Problem requirements: The full listing, exactly as written and with no images, is the expected output.

Data section:
:::::

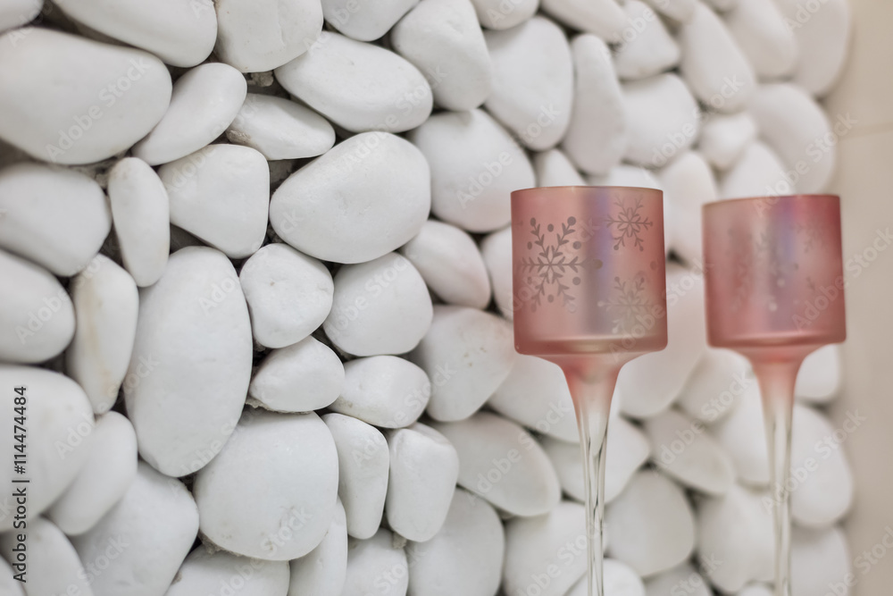 Fototapety Kamień - Białe kamienie na ścianie lustro #114474484
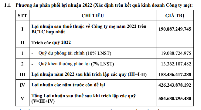 Cụ thể, lợi nhuận sau thuế thuộc về công ty mẹ năm 2022 trên báo cáo tài chính hợp nhất ghi nhận gần 191 tỷ đồng, doanh nghiệp dự kiến trích 10% cho quỹ dự phòng tài chính và 7% cho quỹ khen thưởng phúc lợi. Tổng lợi nhuận sau thuế sau khi trích lập các quỹ cộng với phần lợi nhuận các năm trước còn để lại gần 585 tỷ đồng.
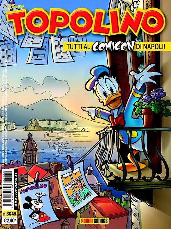 In particolare, non possiamo evitare di citare la particolarissima copertina del Topolino della settimana prossima, in edicola dal 30 aprile. Realizzata da Blasco Pisapia (disegno) e Mirka Andolfo (colori), incita i lettori a recarsi in massa al XVI festival partenopeo Napoli COMICON, in particolare nell’area Panini che lancia questo Topolino e una nuova pubblicazione, con la presenza del suo sceneggiatore Massimo Marconi.

:::::

Answer section:
 Fototapety Kamień - Białe kamienie na ścianie lustro #114474484
 Cụ thể, lợi nhuận sau thuế thuộc về công ty mẹ năm 2022 trên báo cáo tài chính hợp nhất ghi nhận gần 191 tỷ đồng, doanh nghiệp dự kiến trích 10% cho quỹ dự phòng tài chính và 7% cho quỹ khen thưởng phúc lợi. Tổng lợi nhuận sau thuế sau khi trích lập các quỹ cộng với phần lợi nhuận các năm trước còn để lại gần 585 tỷ đồng.
 In particolare, non possiamo evitare di citare la particolarissima copertina del Topolino della settimana prossima, in edicola dal 30 aprile. Realizzata da Blasco Pisapia (disegno) e Mirka Andolfo (colori), incita i lettori a recarsi in massa al XVI festival partenopeo Napoli COMICON, in particolare nell’area Panini che lancia questo Topolino e una nuova pubblicazione, con la presenza del suo sceneggiatore Massimo Marconi.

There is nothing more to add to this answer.